James Price Point (JPP), also known as Walmadany, is a headland in the Kimberley region of Western Australia. It is 52 km north of Broome.

==History==
The location of James Price Point is on the traditional lands of the Jabirr Jabirr / Ngumbarl people, whose name for it is Walmadany.

James Price Point (also known as JPP) was probably named after James Price, Minister for Works in Western Australia, who died in May 1910. In 1909 a tour of north-west ports in was undertaken including Price, and the premier Sir Newton Moore.

==Dinosaur footprints==
The Aboriginal people recognise the fossilised footprints on the coast as being the footprints of Marella, the Emu Man, a creator being from the Dreamtime.

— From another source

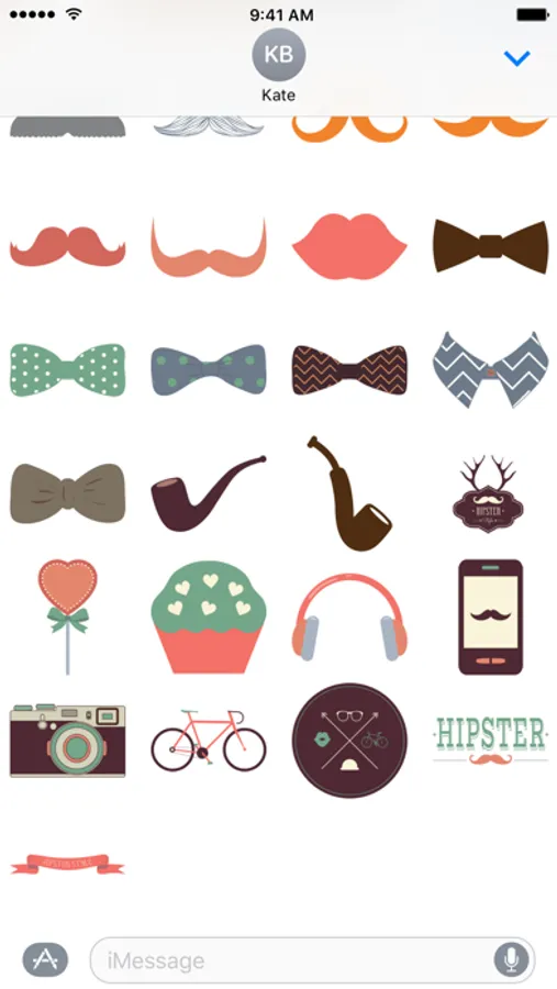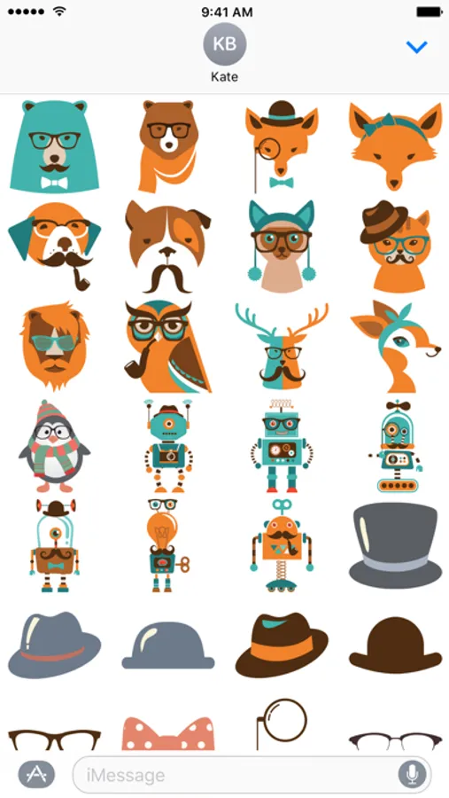 The ultimate hipster sticker pack has a sticker for that special hipster in your life. We've got hipster dogs, cats, lions and even robots. Hipsterize any existing photo or iMessage with our collection of hats, glasses, mustaches, and accessories.

A 2016 study of the footprints by the University of Queensland confirmed they are the largest collection of dinosaur footprints in the world and contain the world's largest single print. Indications of 21 separate dinosaur species from the Cretaceous period have been identified.

==Browse LNG project==
James Price Point was the proposed location of the Browse LNG gas terminal. The controversial proposal by Woodside Petroleum and its joint venture partners Royal Dutch Shell, BP, Mitsubishi Corporation and PetroChina divided the Broome community. It was opposed by the Goolarabooloo community and conservation groups Environs Kimberley, The Wilderness Society, Australian Conservation Foundation, WWF-Australia, Sea Shepherd and local organisations — Broome Community No Gas Campaign and Save the Kimberley. The Australian Greens also pushed for the protection of James Price Point. Support to protect the Kimberley coast was also provided by John Butler, Missy Higgins, Xavier Rudd, Jimmy Barnes, Rob Hirst, Paul Kelly, and The Pigram Brothers.

After 5 years of intense opposition, the Woodside joint venture abandoned the proposal

On 19 August 2013, the Supreme Court of Western Australia overruled Western Australian Environment Minister and the Western Australian Environmental Protection Authority's decision to recommend approval of the Browse LNG project at James Price Point after a legal challenge by Goolarabooloo custodian Richard Hunter and the Wilderness Society.